Given a m x n matrix, if an element is 0, set its entire row and column to 0. Do it in-place.
Example 1:
Input:
[
[1,1,1],
[1,0,1],
[1,1,1]
]
Output:
[
[1,0,1],
[0,0,0],
[1,0,1]
]
Example 2:
Input:
[
[0,1,2,0],
[3,4,5,2],
[1,3,1,5]
]
Output:
[
[0,0,0,0],
[0,4,5,0],
[0,3,1,0]
]
Follow up:
A straight forward solution using O(mn) space is probably a bad idea.
A simple improvement uses O(m + n) space, but still not the best solution.

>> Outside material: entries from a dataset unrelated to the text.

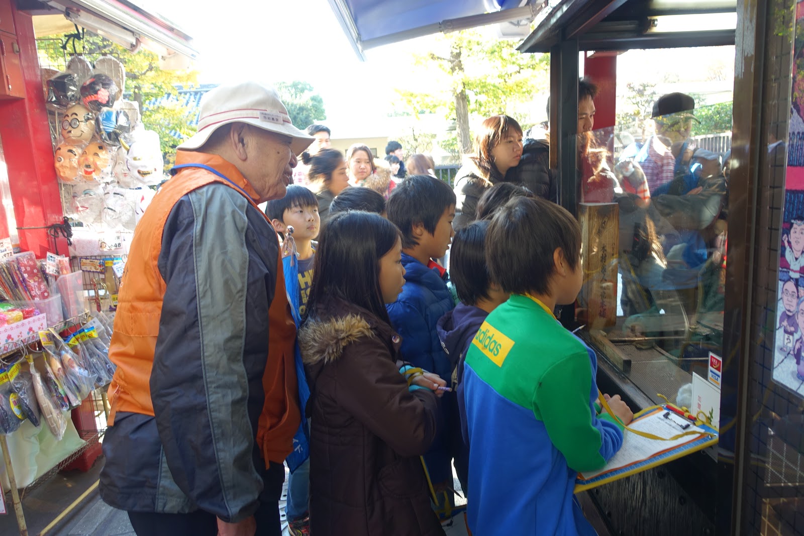 那日剛好遇到了小學生出來校外教學(應該是?),大家認真拿著筆記在觀摩老師傅製作這個經典的日式傳統點心。後面帶隊的似乎是老師,有一邊用日文在講解整個過程(都聽不懂就是)。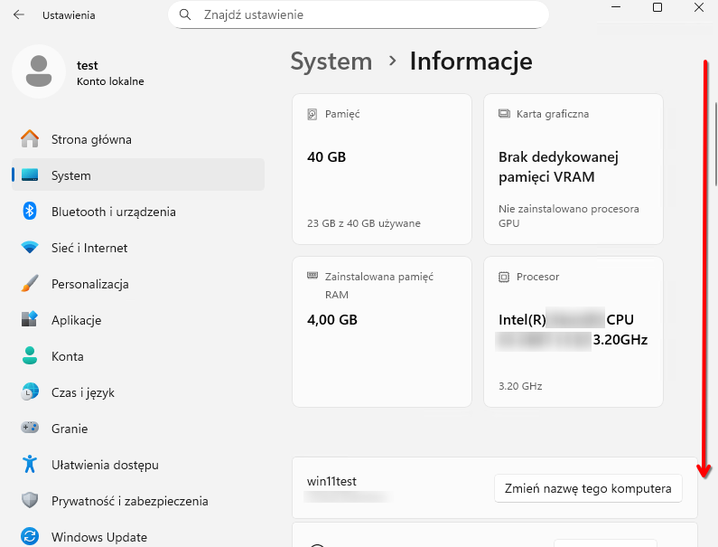 Uwaga: to jest główny punkt wejścia do informacji o komputerze w Windows 11.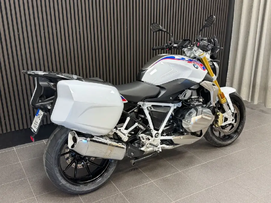 Utrustning: Style HP. Dynamic ESA. DTC. Keyless Ride. Daytime running lights. Gearshift assistant Pro. Driving modes Pro. Tankblende pure. Preparation navigation unit. Exhaust system chrome. Heated handlebar grips. RDC. Cruise control. Engine spoiler. LED turn indicator white. ABS pro. Alarm system. Centre stand. Luggage grid. Intelligent emergency call. Sidoväskor. Ruta. Hugger. Cylinderskydd. Bra att veta: Senaste service är gjord vid 3340 mil 2024-11-08. Besiktad till 2026-04-30. (R1250. R1250 R. R 1250 R)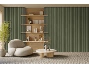 Zelená vliesová tapeta na zeď, efektní dekor s 3 D efektem - dřevo, dřevěné obklady. Tapeta je vhodná do obývacího pokoje, ložnice, chodby, nebo pracovny.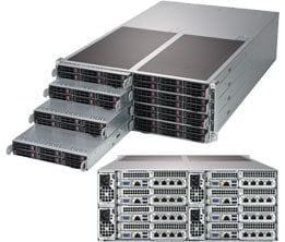 Supermicro SuperServer F619P2-RTN. Chipset moederbord: Intel® C621, Processor socket: LGA 3647 (Socket P), Systeembus: 10,4 GT/s. Ondersteunde geheugen types: DDR4-SDRAM, Maximum intern geheugen: 1,5 TB, Maximum UDIMM geheugen: 1,5 TB. Opslagschijf afmetingen ondersteund: 2.5", Ondersteunde opslagstationinterfaces: SATA III, Soorten RAID: 0, 1, 5, 10. On-board graphics adapter model: Aspeed AST2500. PC gezondheids monitor: CPU, Ventilator, Temperatuur

Could you devise a constant space solution?
- 使用了O(m+n)的空间复杂的
- 优化的话: 空间复杂度 O(2) ,用两个布尔变量就可以解决。方法就是利用数组的首行和首列来记录 0 值。 从数组下标的 A[1][1] 开始遍历,两个布尔值记录首行首列是否需要置0
package leetcode73_SetMatrixZeroes;
import java.util.HashSet;
import java.util.Set;
class Solution {
public void setZeroes(int[][] matrix) {
Set<Integer> xSet = new HashSet<>();
Set<Integer> ySet = new HashSet<>();
for (int i = 0; i < matrix.length; i++) {
for (int j = 0; j < matrix[0].length; j++) {
if (matrix[i][j] == 0) {
xSet.add(i);
ySet.add(j);
break;
}
}
}
for (Integer x : xSet) {
for (int i = 0; i < matrix[0].length; i++) {
matrix[x][i] = 0;
}
}
for (Integer y : ySet) {
for (int i = 0; i < matrix.length; i++) {
matrix[i][y] = 0;
}
}
}
}